Kugathasan S, Judd RH, Hoffmann RG, Heikenen J, Telega G, Khan F, Weisdorf-Schindele S, San Pablo W, Perrault J, Park R, Yaffe M, Brown C, Rivera-Bennett MT, Halabi I, Martinez A, Blank E, Werlin SL, Rudolph CD, Binion DG, Anonymous00155. · Division of Pediatric Gastroenterology and Nutrition, the Department of Epidemiology and Biostatistics, Medical College of Wisconsin, 8701 Watertown Plank Road, Milwaukee, WI 53226, USA. · J Pediatr. · Pubmed #14571234 No free full text.

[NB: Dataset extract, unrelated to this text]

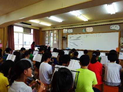 リコーダーの二部合奏で,だんだん美しい音色が響いてきました。

Abstract: OBJECTIVE: To define epidemiologic and clinical characteristics of newly diagnosed pediatric inflammatory bowel disease (IBD) in a large population-based model. STUDY DESIGN: All pediatric gastroenterologists providing care for Wisconsin children voluntarily identified all new cases of IBD during a 2-year period. Demographic and clinical data were sent to a central registry prospectively for analysis. RESULTS: The incidence of IBD in Wisconsin children was 7.05 per 100,000, whereas the incidence for Crohn's disease was 4.56, more than twice the rate of ulcerative colitis (2.14). An equal IBD incidence occurred among all ethnic groups, and children from sparsely and densely populated counties were equally affected. The majority (89%) of new IBD diagnoses were nonfamilial. CONCLUSIONS: This study provides novel, prospective, and comprehensive information on pediatric IBD incidence within the United States. The surprisingly high incidence of pediatric IBD, the predominance of Crohn's disease over ulcerative colitis, the low frequency of patients with a family history, the equal distribution of IBD among all racial and ethnic groups, and the lack of a modulatory effect of urbanization on IBD incidence collectively suggest that the clinical spectrum of IBD is still evolving and point to environmental factors contributing to the pathogenesis.